Within countries, urbanisation continued to be a powerful force, but it interacted strangely with oil, food and water prices, thanks to the development of vertical farming. High-intensity energy-expensive vertical farms proved profitable in those cities big or rich enough to repay the initial investment; and in these places, travel costs forced more and more farmers and commuters to move permanently into the cities. No longer would rich businessmen live in suburbs or commuter-belt towns: now, all but the richest would dwell in super-high-density city centres, where their jobs, their services, and now increasingly their food were all cheaply available. The remaining horizontal farms were cleared of their owners in the greatest consolidation since Enclosure, and turned into more organised, efficient, industrial super-farms. Not, of course, that these farms were uninhabited – with higher energy costs, cheap human labour seemed more attractive than machines, despite theoretical advances in mechanisation. The super-farms at first were corporate, but with so much money in the agricultural sector, there was little need for efficient competition, and the billionaires who chose to live in the countryside, connected to the cities only electronically, soon began to invest once more in the ancient capital of land.

But in poorer countries, the situation was different. Expensive vertical farms could simply not be built at first, at least not in the quantities necessary to support the exploding populations of developing cities. The migration to the cities ended and reversed: when food is scarce and is expensive to transport, it is better to be poor on a farm than in a city. This ‘great return’ of urban populations to their rural homelands was the source of immense cultural vitality – but also, in many places, of great upheaval, as the settled farmers competed for jobs and land with the flood of ex-urban poor: a conflict made far worse by soil degradation and water shortages. Many parts of the world were in permanent warfare. Eventually, of course, when vertical farming had been developed successfully in richer countries, and oil prices had finally become entirely insane, vertical farming was introduced in the remaining poor cities, which became able to support themselves, and even began to grow again – but early predictions of African mega-cities had been derailed for a century.

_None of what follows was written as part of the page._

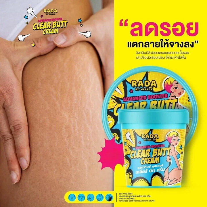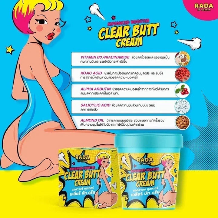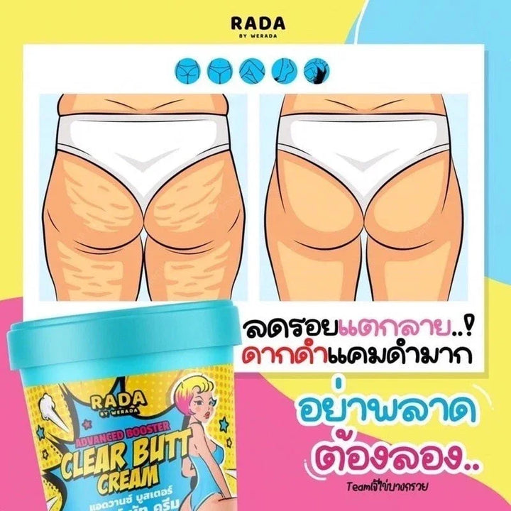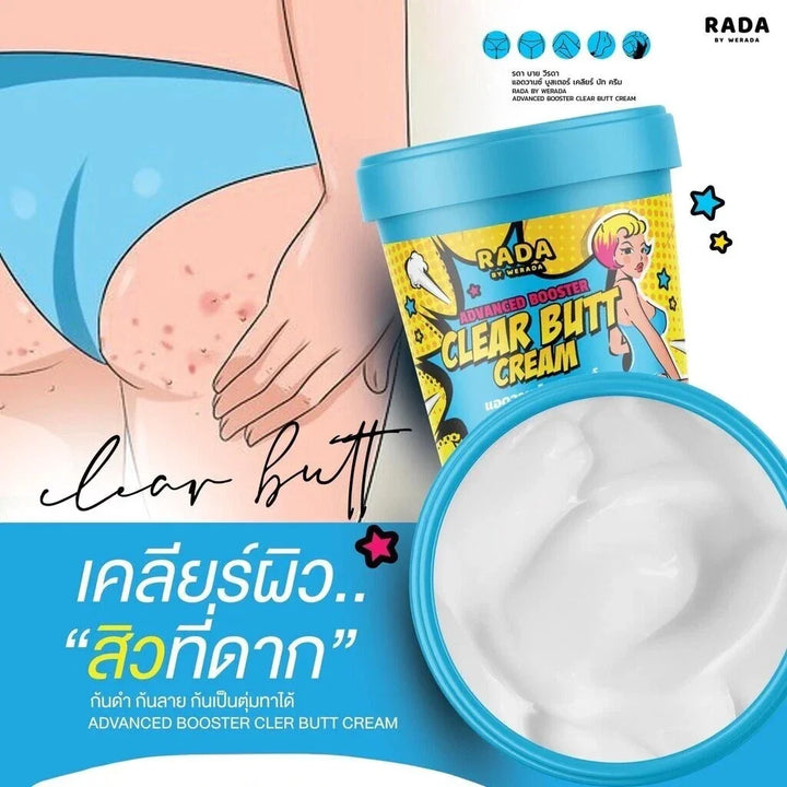 Transform the look and feel of your skin with Rada Advanced Booster Clear Butt Cream, a premium skincare solution from Thailand specially designed for the buttocks and other sensitive areas. This cream targets dryness, discoloration, uneven tone, and rough texture, leaving your skin visibly smoother, brighter, and more nourished.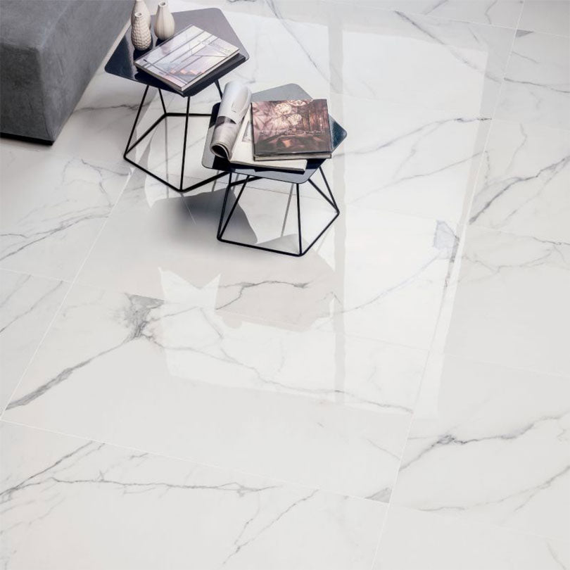 Faithfully replicating genuine Italian Marble and available in the popular large format size, Royal Statuario is ideal for creating a pleasing, continuous effect when used across multiple roomscapes. Subtle veining combined with a high gloss finish means that a luxurious aesthetic is guaranteed and rectified edges are on hand to ensure uniform, minimal grout lines across the floor space. Royal Statuario is suitable for domestic and commercial use; the attractive high gloss polished finish and large form factor ensures this tile is ideal for open, expansive spaces.

Because oil prices did become insane. Eventually, even heavy oils could supply earth’s needs, and resources peaked. The result was calamity. The century had been marred by economic heartache – the New Depression of the 2020s and the shorter but harsher Great Autumn of the 2050s could both stand comparison with the depressions of the preceding two centuries, but the Long Winter that began with the Collapse (also known as the Fall of Man) of 2073 surpassed them all. As rising demand hit falling supply, oil prices exploded, and with them transport costs and food prices, while energy prices underwent a lesser but still dramatic shock. Mass starvation occurred – even rich countries struggled to ward off famine. Unemployment, even in the developed world, was between twenty and forty percent, depending on how quickly the countries de-mechanised, as oil-powered machines became obsolete beside masses desperate for food.

The terrible times only ended with two new discoveries, both made in the early years of the 22nd century: nuclear fusion, which provided virtually-free energy (so free that even with inefficient and expensive batteries, transport became possible once more), and faster-than-light travel, which enabled profitable asteroid mining, ending the scarcity of many rare metals and chemicals. Although the immediate effect of these two was to lengthen the depression (as manufacturing prices plummeted, factories mechanised and employment shrank), eventually they ushered in a new age of human history.